By GB in “Casabella”, n. 721.
«…From the architect B. Morassutti, I received the commission to design a prefabricated structure that had to be repetitive, whose parts had to be made in a prefabrication center and then distributed to small companies for the construction of various works in other zones. The work, financed by a private donor, a relative of Arch. Morassutti, had to have a rectangular plan and extend over an area of about 15 x 30 meters. My first instinct was to place the pillars at the extremities A,B,C,D, the main beams A-B, C-D and the secondary beams on the longer sides.
The section envisioned, however, in my view, had a series of shortcomings: the elasticity of the roof created moments of flexing on the pillars, and the weight and size of the precast parts (1300 t/ml) were remarkable, and did not lend themselves to handling on the part of small construction firms.
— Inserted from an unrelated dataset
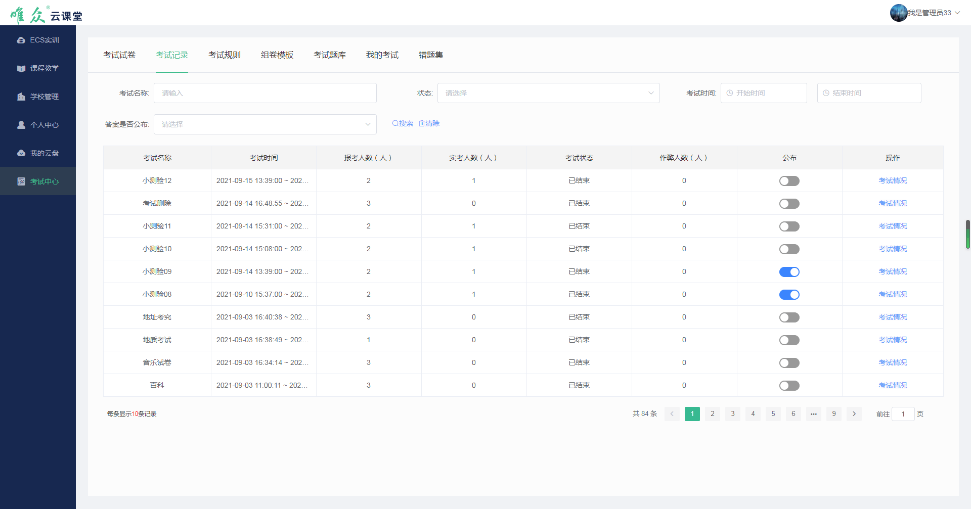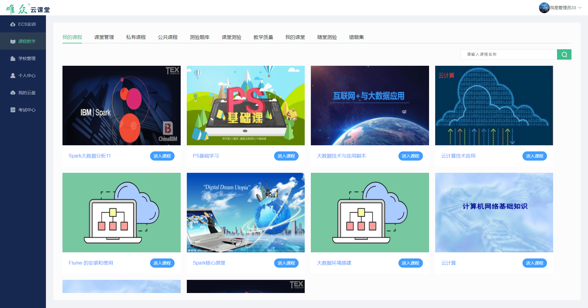 公有云平台主要承载着模拟教学全过程的私有云模块,教学云、实战云相关的业务平台。平台主要结合课程资源、教学业务逻辑组合而成,集教学、实训、测评,方便教师和学生开展教学的全过程。
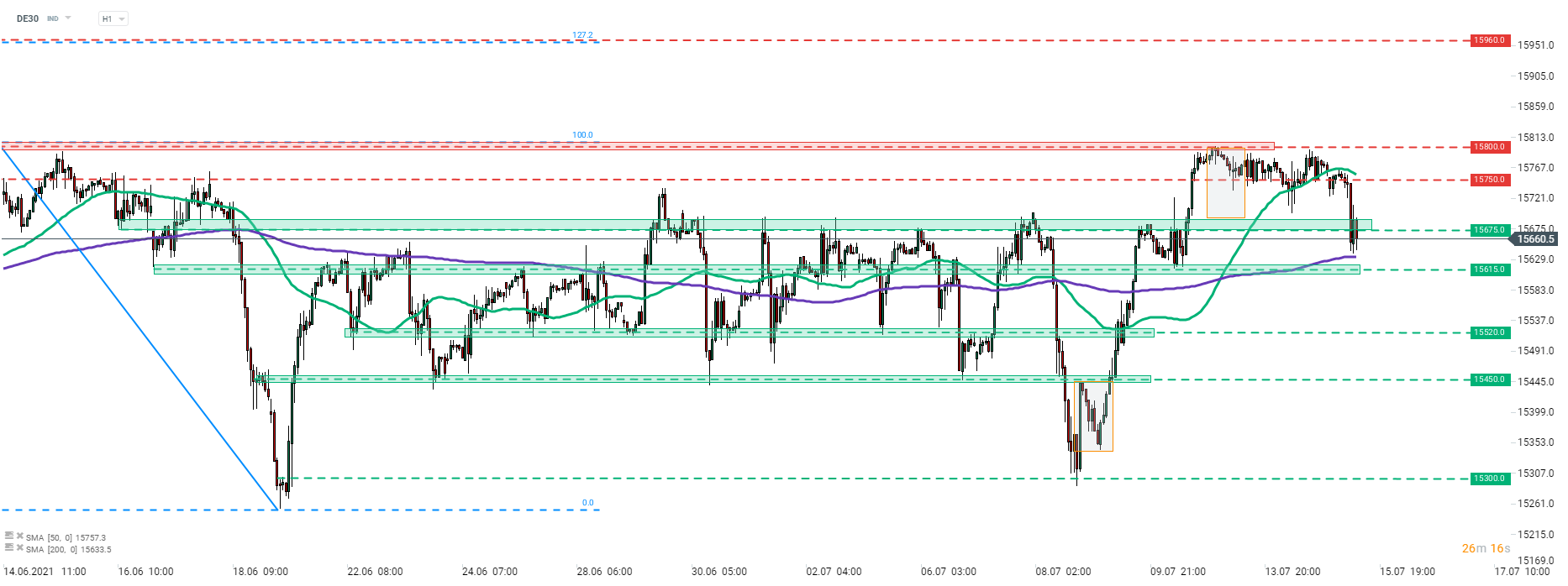 DE30 klesl pod spodní limitu tržní geometrie a testuje 200 hodinový klouzavý průměr

Something more manageable had to be developed. The solution was to shift the pillars towards the center, significantly reducing the external characteristics of the strain, and not creating moments of inflection of the vertical structures.
So there was a need for a structure whose prestressing cables would reach the extremities of the roof, to perform the external tensioning with the Favini system.
Therefore a central span and two outer overhangs whose maximum bending moments, though of an opposite sign, would be equal in absolute value. The result was the technical architectural solution of the triangular beam reversed at the midpoint and the interlock. The combination of the two sections led to the final solution.
That was the technical-mathematical justification, but actually the structural idea is different. After the first attempt with a secondary beam covering a span of 30 m, later abandoned, I took some time to think, due to my commitments with Impresa Tamburini in Milan. To furnish my own home, I designed a small desk that still exists in my studio on Viale Filippetti, where the vertical supports were composed of two X structures with the posts inclined by 60°. The horizontal element on which the feet rested was also an X structure. Every time I entered the house I would stop and look at that desk: it was the source of the structure of the roof in Baranzate, as well as the beams and the roof tiles.
For consistency, the main beams of 0.3 x 1.3 meters also rest on pillars with the same principle as the secondary beams, namely with the equality of the bending moments at the midpoint and at the supports.»